March 23, 2015 | By Sikh Siyasat Bureau
Chandigarh: Film producer Harinder Sikka’s “Nanak Shah Fakir” (2015) movie is caught into a serious controversy for depicting first Sikh Guru, Guru Nanak Ji; family members of Guru Nanak Ji and the life of Guru Nanak Ji. The movie is yet to be released but it’s tailors confirm that the film is made in violation of Sikh tradition which strictly prohibits depiction of Sikh Gurus in any film/ video or drama etc.
The movie was reportedly screened in “Sikh International Film Festival of Toronto” in October 2014 and surprisingly it went unnoticed at that time. The festival was organized by Sikh Foundation of Canada.
But now many Sikh organizations have reacted sharply against the movie and the Shiromani Gurdwara Prabhandak Committee (SGPC) has also “disapproved” the movie.
Chaar Sahibzaade (2014) was first such movie depicting Sikh Guru, Guru Gobind Singh Ji and His family members, that was screened in cinemas. Still animation of Guru Gobind Singh ji was used in this movie, while the characters of Sahibzaadas, Mata Gujri Ji, Mata Sahib Kaur Ji and Mata Sundari Ji were played through live animation.
If we look back we find that Chaar Sahibzaade was preceded by other cartoon movies on Sahibzaadas and Sikh Gurus.
“Sahibzaade” (2005) and “Moola Khatri” (2008) were such movies in which characters of Sahibzaadas and Guru Nanak Ji were shown. Alarms were raised by some Sikh organizations against these movies and SGPC and Akal Takht Sahib were urged to take notice of these movies.
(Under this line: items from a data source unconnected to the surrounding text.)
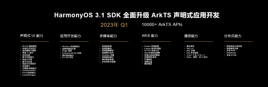 會上,華為還發布了可體驗鴻蒙開發套件的HarmonyOS 3.1版本,HarmonyOS 3.1 SDK將全面升級ArkTS聲明式應用開發。預計到2023年第一季度,將支持1萬+ ArkTS APIs,擁有聲明式UI、應用開發框架、分佈式系統服務、多媒體、WEB、通信等多種能力,可支持ArkTS商用應用開發。同時華為HarmonyOS從3.0版本就兼容OpenHarmony API能力,本次發佈的3.1版本兼容OpenHarmony的API 9。未來HarmonyOS將繼續基於OpenHarmony演進,華為也將持續投入OpenHarmony開源項目共建。
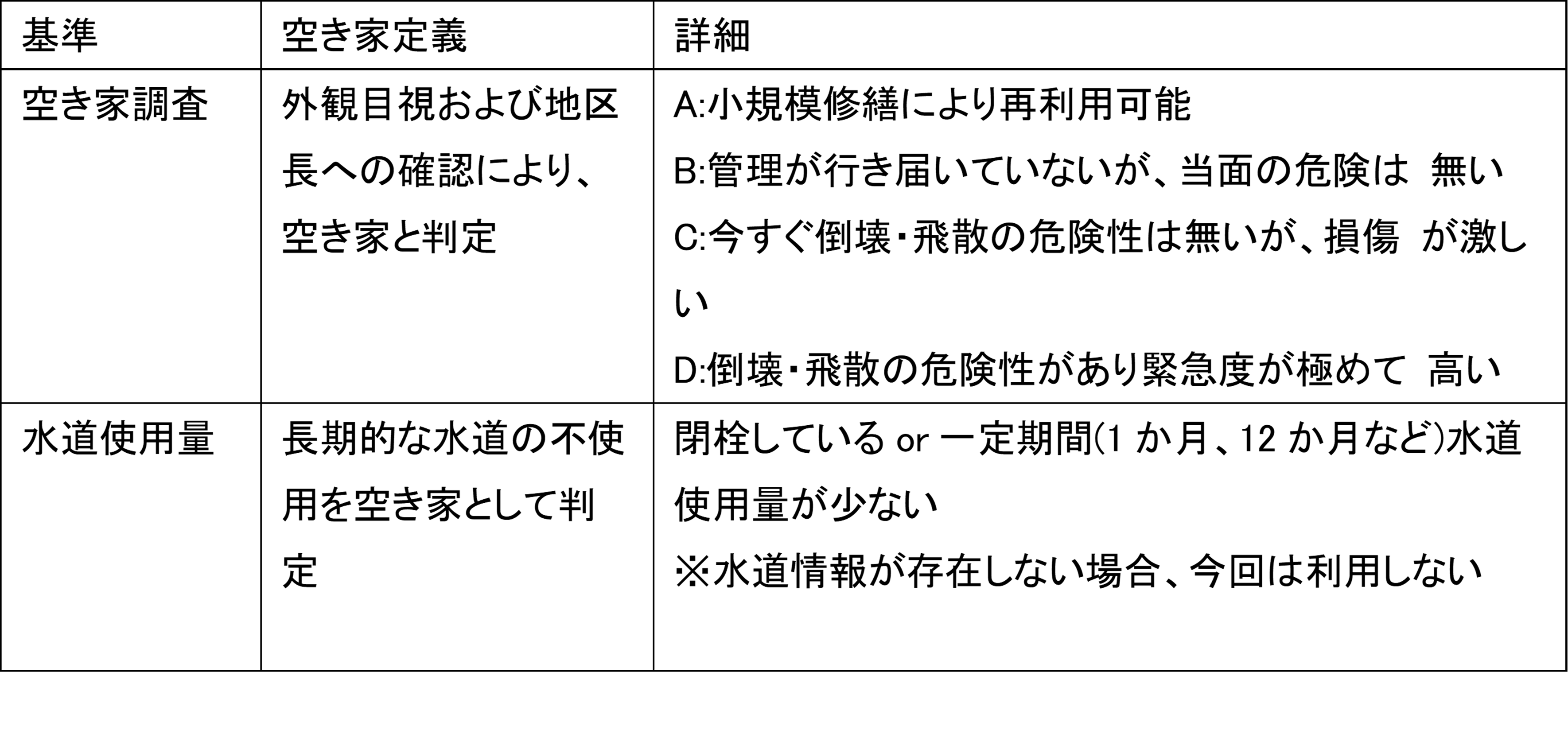 空き家と定義するには、当該建築物等を現に意図をもって用いていないものであり、一般的な空き家調査に基づき、外観目視および行政区長・隣接居住者への確認によって空き家と判定する。今回は、長期的な水道の不使用を空き家として判定し、空き家調査によって空き家と特定された情報と突合し、実際に空き家であったかの確認を行った。
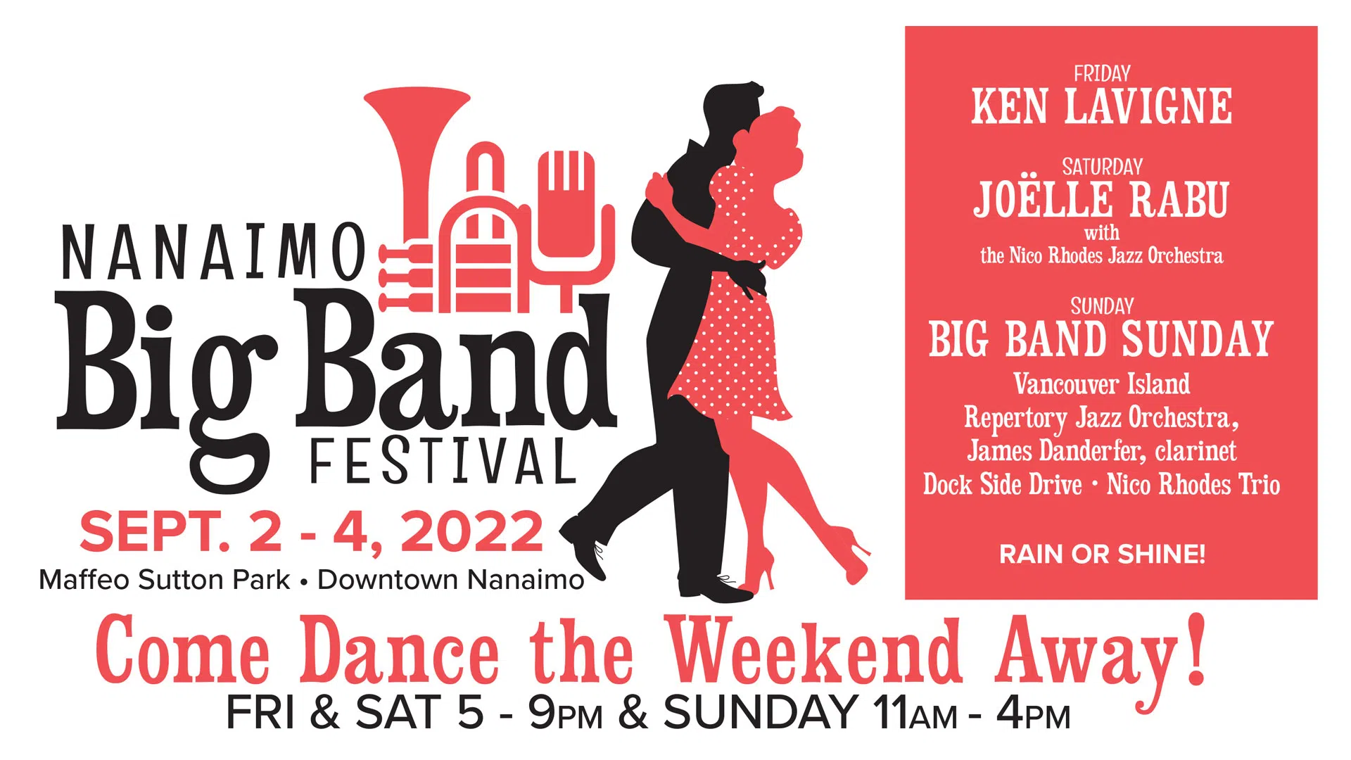The 3-Day Nanaimo Big Band Festival kicks off on Labour Day weekend Sept. 2-4 with 3 days of fabulous Big Band sounds in Maffeo Sutton Park on beautiful Nanaimo Harbour on Vancouver Island. Come Dance the Weekend Away… listen to your favourite songs from the Big Band Era of great music. Headliners: Ken Lavigne, Joelle Rabu, Vancouver Island Repertory Jazz Orchestra with James Danderfer, Solo Clarinet; plus opening acts on all 3 days!
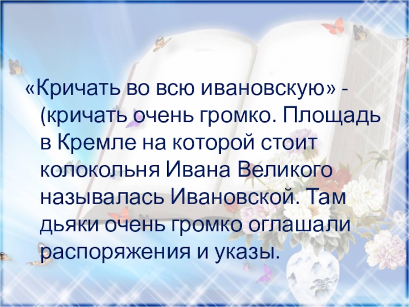 Слайд 28«Кричать во всю ивановскую» - (кричать очень громко. Площадь в Кремле
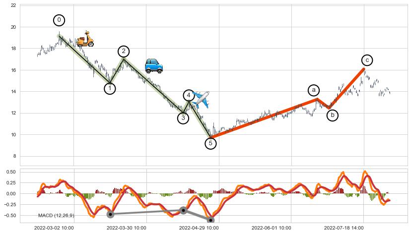 ➢ 波浪理论:猜想达到c点后小反弹终止反转下跌 → 下跌 → 【拐点】临近 → 阶段均值回复结束后继续大周期趋势跟踪
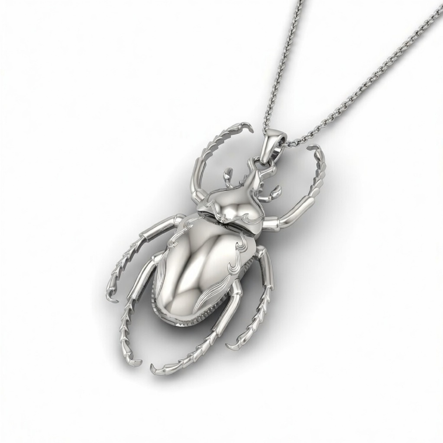 Designed specifically for her, this beetle rose-gold-plated pendant is shaped like a beetle insect with clear body details, perfect for marking a special anniversary or a promise of love. It is made from polished rose-gold-plated metal and has a shiny finish that reflects light with every movement. The entire necklace, including the pendant and the chain, is rose-gold plated, creating a look that is both modern and nostalgic. The beetle’s body has three parts: the head, thorax, and abdomen, representing the strength and beauty of nature. The head has two curved, raised horn-like shapes at the top, and the thorax is slightly rounded and joins smoothly with the rest of the body. To catch the eye, the abdomen is long and oval-shaped, with light engraved lines along the sides. The beetle has six legs, and each leg has small sections and slightly curved tips. The legs bend outward a little, which gives the pendant some shape and depth, allowing it to rest perfectly on the neckline. At the top center, there is a small rose-gold-plated bail that connects the pendant to the chain. The chain is rose-gold plated and made in a cable style with evenly spaced oval links; it matches the pendant and completes the necklace with grace.
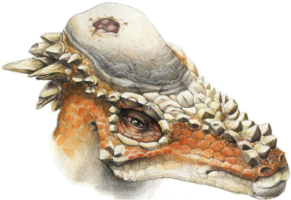 Пахицефалозавр носит Естественный шлем Пахицефалозавр знаменит своим удивительно толстым черепом, верхняя часть которого представляет собой костный купол толщиной около 23 сантиметров. Удивительно, но известно, что их черепа меняют форму по мере взросления, и на какое-то время это заставило многих учёных поверить, что разные стадии жизни этих животных на самом деле были совершенно разными видами. Предполагается, что эти динозавры использовали свои твёрдые черепа, чтобы бодаться с соперниками за самок, хотя некоторые учёные считают, что их позвонки не могли быть достаточно прочными, чтобы выдержать такие удары без серьёзных травм. С момента открытия этих существ в палеонтологическом сообществе не утихают споры, и было проведено множество исследований, чтобы попытаться это выяснить. Одно исследование показало, что у 22% всех видов пахицефалозавров есть признаки повреждений черепа, что подтверждает теорию о том, что они естественным образом бились головами. Другие считают, что эти наросты

But, unfortunately, neither SGPC nor the then Jathedar of Akal Takht Sahib took any notice of this matter.
Next stage in depiction of Sikh Guru Sahibs was Chaar Sahibzaade. The movie received wider applaud from the global Sikh community. Surprisingly, the film was approved by Shiromani Gurdwara Prabhandak Committee (SGPC) and it was praised by Akal Takht Jathedar Giani Gurbachan Singh.
Sikh intellectual S. Ajmer Singh had raised serious concerns about depiction of Guru Gobind Singh Ji, Sahibzaadas and other members of Guru Sahib ji’s family in Chaar Sahibzaade moive.
Quoting Prof. Harinder Singh Mehboob, another Sikh author Vikramjit Singh (Australia) had termed the depiction of Sikh Gurus as “Roohani Khudkushi” (Spiritual Suicide).
Participating in Sikh Siyasat’s talk show, S. Ajmer Singh had expressed apprehension that recognition given to the Chaar Sahibzaade movie will open door more such attempts.
Had the panth taken notice of previous attempt, the makers of movies like “Nanak Shah Fakir” might not have headed with depiction of Guru Nank Ji. Even at this stage the Panth should seriously deliberate on this issue and take firm decisions.